Pengendalian gulma dengan menggunakan herbisida secara tidak terkendali akan membuat gulma menjadi resisten. Seperti halnya yang terdapat pada hasil penelitian yang menunjukkan bahwa gulma yang tetap bertahan hidup 6 MSA pada dosis 24g ba/ha terdapat pada ekotip SEC1 (30), SEC3 (43,3), SEC5

(6,67) dan SEC6 (16,67). Respon yang berbeda antar populasi jajagoan ini dapat dipengaruhi oleh banyak faktor, termasuk diantaranya adalah teknik pengendalian, dosis herbisida, jenis herbisida, dan waktu pemberian herbisida. Purba (2009) mengatakan bahwa populasi gulma resisten herbisida adalah populasi yang bertahan hidup normal pada dosis yang biasanya mematikan populasi tersebut.

Dalam penelitian ini menunjukkan bahwa jajagoan yang berbeda ekotip disemprot dengan menggunakan herbisida metil metsulfuron menunjukkan respon yang berbeda. Pada parameter jumlah anakan terdapat pada ekotip sunggal sebesar 3.33 pada dosis 24 g ba/ha. Hal ini dikarenakan bahwa jumlah yang bertahan hidup lebih tinggi dibanding yang lainnya.

Penyemprotan gulma yang dilakukan berpotensi untuk mencegah kehilangan produksi padi. Hal ini dikarenakan hingga 6 MSA, jajagoan yang masih bertahan hidup pada dosis 24 g ba/ha sudah ada yang 0 %, dan untuk yang 3 MSA terdapat kematian jajagoan yang sangat significan. Sehingga pengurangan produksi yang diakibatkan oleh jajagoan bisa dicegah. Sesuai dengan penelitian yang dilakukan oleh Kadir (2007) bahwa aplikasi herbisida baik pada waktu 21 hari setelah tanam dan dapat menekan kehilangan produksi padi sebesar 15-32%.

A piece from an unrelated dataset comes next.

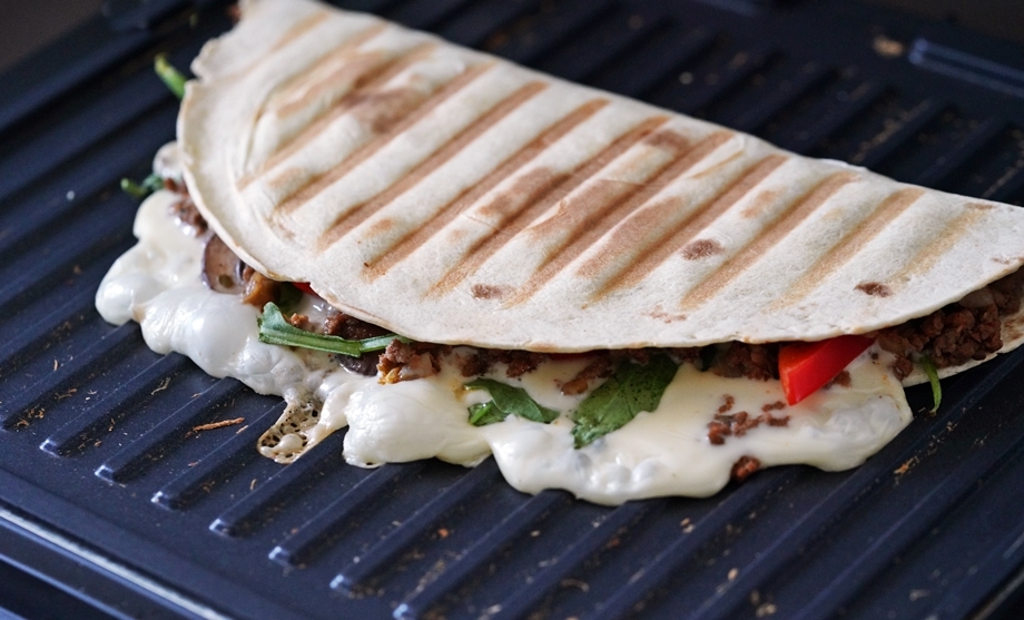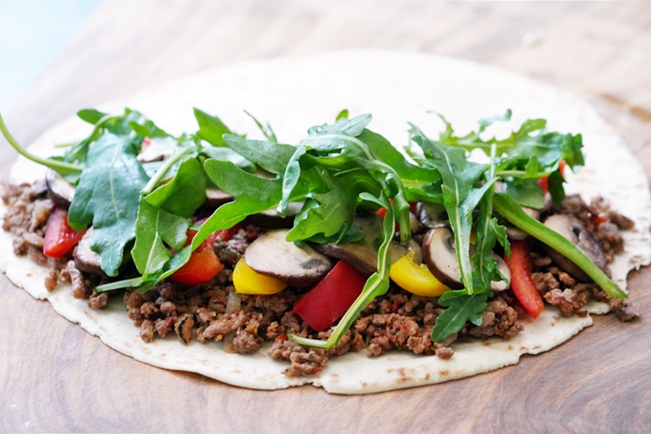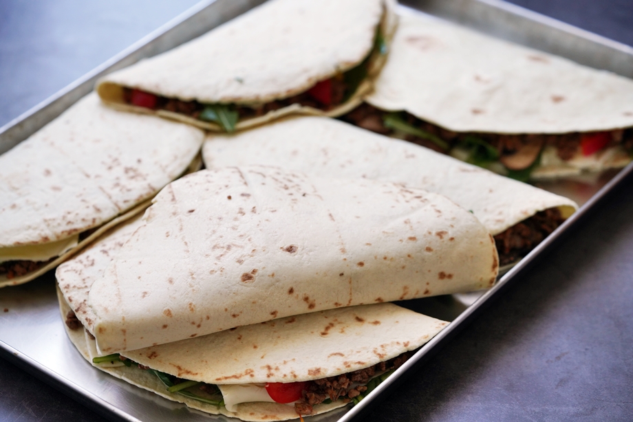 토마토 소스에 볶은 소고기, 각종 채소, 치즈를 준비했다. 뜨거운 그릴로 구워낼거기 때문에 양상추나 오이처럼 아삭하게 먹는 채소보다는 익혀도 무난한 채소를 넣는게 아무래도 편하다.

Pertumbuhan jajagoan sangat dipengaruhi oleh ekotip atau lingkungan pertumbuhan gulma. Rata-rata pertumbuahan jajagoan yang berasal dari dataran rendah menunjukkan kurang respon dalam pertumbuhannya. Dalam ekotip Binjai, dan tanjung morawa perlakuan kontrol mempunyai bobot kering yang lebih tinggi dibanding perlakuan dari 1,5 g ba/ha. Kemungkinan hal ini disebabkan penyemprotan herbisida metil metsulfuron dosis rendah dapat memacu pertumbuhan gulma. Soetikno dan Sastroutomo (1990) menyatakan

bahwa lingkungan merupakan kesatuan dari segala faktor-faktor baik yang hidup (biotis) maupun yang mati (abiotis) yang dapat mempengaruhi pertumbuhan, perkembangbiakan, atau penyebaran dari segala jenis tumbuhan. Dimana penggunaan zat kimia tertentu dapat mempengaruhi pertumbuhan tanaman.